Now, it is idle to suggest that when the directors are contracting, any distinction is to be drawn between the validity of a stipulation which is not to the advantage of the company and the validity of a stipulation which is obviously for its advantage. All that can be suggested in the latter case is that the members of the company are much less likely to challenge it in the one case than in the other; but the question as between validity and invalidity arising from an irregularity is, from my point of view, purely a domestic matter; it is a matter which concerns the company and its directors, and not a matter which concerns the company dealing with bona fide third parties outside.

In this case the declaration of the policy is that those provisions in these articles of association shall so far as regards this insurance be as binding upon the assured as upon the person or persons effecting the insurance. The persons who effected it had power to pass it; it was binding upon them to its full extent even when effect was given to those stipulations which were irregularly entered in the articles of association. There was no defect of power on the part of the appellant; and why two parties, the one having authority from the company, and the other transacting for his own hand and on his own behoof, should not be able to make a contract effectually binding in terms upon both of them I am quite unable to understand.

With regard to the last point, which it was sought to raise here for the first time, I am of opinion that it would be pessimi exempli to allow an appellant who has conducted his case below upon the footing that the legal effect of a particular document was admitted, to traverse in this House the construction which has been put upon the document all along, even though he does not produce it at the bar, for the Sunderland policy, upon which so much has been said, is not in process.

Lord Ashbourne—I concur. I think the appellant has no case.

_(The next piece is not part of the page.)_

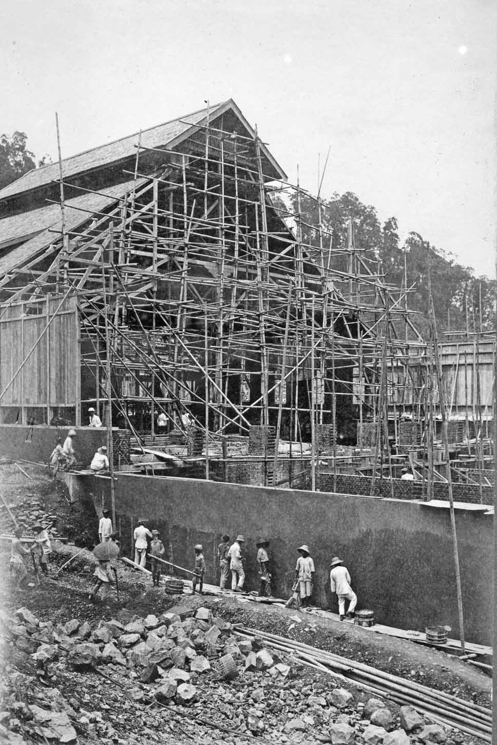 Laying the fundaments for the the extension hall for the Telefunken transmitter. Viewing in the distance the Bandung high Valley.

Lord Shand—I am of the same opinion. The circumstances in which the question has arisen are these. In the first place, as regards the alteration which is said to be ineffectual, and which, if challenged timeously by a member of this company, might have been held to be ineffectual because of the failure to observe the requirement of the Companies Act with regard to notice, this provision was registered so long as upwards of five years before this policy was entered into. In addition to that, we find that on the back of the policy the detail of the altered article is given, and the attention of the insurer is drawn to it by a printed note on the front of the policy, “See the other side.” It is clear that the company for a period of five years have carried on their business in conformity with the provisions of the altered article by making their policies conform to it. Under these circumstances I am of opinion with your Lordships that it is clear that, looking at this as a document in a mercantile matter, the meaning of the words “according to the articles of association of the company” is, the articles

Page: 470

of association as those articles have been registered and acted upon by the company for so long a time. I think that that consideration is very much strengthened by what has been observed by my noble and learned friend opposite (Lord Watson) that the provision in the policy goes on to say “and shall, so far as regards this insurance, be as binding upon the assured as upon the said person or persons effecting this insurance.” For the reasons which my noble and learned friend has stated, there is no doubt whatever that this particular altered provision was binding upon the company who had granted this insurance.

Lord Bowen—I have nothing to add to what has already fallen from those of your Lordships who have spoken.

Interlocutors appealed from affirmed, and appeal dismissed with costs.

Counsel:

Counsel for the Appellant—The Solicitor-General for Scotland ( Asher, Q.C.)— Geo. Watt. Agents— Traill & Howell, for R. & R. Denholm, S.S.C.

Counsel for the Respondents—The Lord Advocate ( Balfour, Q.C.)— Salvesen. Agent— A. Beveridge, for Beveridge, Sutherland, & Smith, S.S.C.